Mûsa: "İşte, dedi. Aradığımız o ya." Hemen İzlerini takip ederek gerisin geriye döndüler.

"İşte aradığımız o ya" âyeti, Mûsa yanındaki delikanlıya dedi ki: Balığın bu durumu ve onu yitirmiş olmamız bizim aradığımız şeydi. Kendisini bulmak üzere geldiğimiz adam işte oradadır, demektir.

Bunun üzerine yollarını kaybetmemek için gerisin geri izlerini takip ederek geri döndüler. Buhârî'de şöyle denilmektedir:

"... Hızır'ı denizin ortasında elbisesiyle örtünmüş olarak küçük bir yeşil yaygı üzerinde buldular. Örtüsünün bir tarafını ayaklarının altına, diğer tarafını başının altına almıştı. Mûsa ona selam verdi. Yüzünü açarak: Senin bulunduğun yerde selam diye bir şey var mı? Sen kimsin? dedi. Ben Mûsa'yım dedi. İsrailoğullarının Mûsa'sı mı? diye sordu. Mûsa: Evet deyince, ne işin var? diye sordu. Mûsa dedi ki: Sana Öğretilen doğru ilimden bana da öğretmen üzere geldim, dedi..." Buhârî, Tefsir İH. sûre 3; Müsned, V, 121 ve hadisin geri kalan bölümlerini zikretti.

es-Sa'lebî de "el-Arâis" adlı eserinde der ki: Mûsa ve beraberindeki genç delikanlı Hızır'ı suyun üzerinde yeşil bir yaygıya uzanmış uyur halde buldular. Üzerinde de yeşil bir örtü vardı. Mûsa ona selam verdi, yüzünü açıp dedi ki: Bizim bu topraklarımızda selam da nerden geldi? Sonra başını kaldırıp olurdu ve: Sana da selam olsun, ey İsrailoğullarının peygamberi, dedi. Mûsa ona: Sen beni nereden tanıyorsun? Benim İsrailoğullarının peygamberi olduğumu, sana kim haber verdi!? dedi.
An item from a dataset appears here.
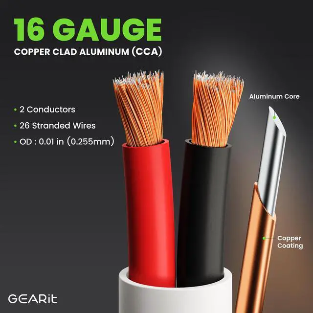 16 GAUGE IN WALL SPEAKER WIRE - GearIT Speaker Cable copper wires come in 2 conductor stranded copper wire designs. Suitable for in wall, in ceiling, attic, basement, and other office indoor home speaker setups. Suitable for 12V wire gauge (12 volt wire gauge), but max voltage of 30V. ^^ COPPER CLAD ALUMINUM WIRE (CCA) - Solid bulk speaker wires made of CCA are copper clad wire construction for high quality sound. GearIT CCA Speaker Cables provide true surround sound and high end audio sound wire experience without breaking your budget.

Hızır: Sana beni haber veren ve benim bulunduğum yeri bildiren bana söyledi, dedikten sunra şöyle devam etti: Ey Mûsa, senin İsrailoğulları arasında bir meşguliyetin vardı. Mûsa (aleyhisselâm) dedi ki; Rabbim beni sana uyayım ve senin bilginden bir şeyler öğreneyim diye gönderdi. Sonra oturup, konuşmaya koyuldular. Bu sırada dişi bir kırlangıç geldi ve gagasıyla sudan aldı... ileride geleceği üzere hadisin geri kalan bölümünü zikretti.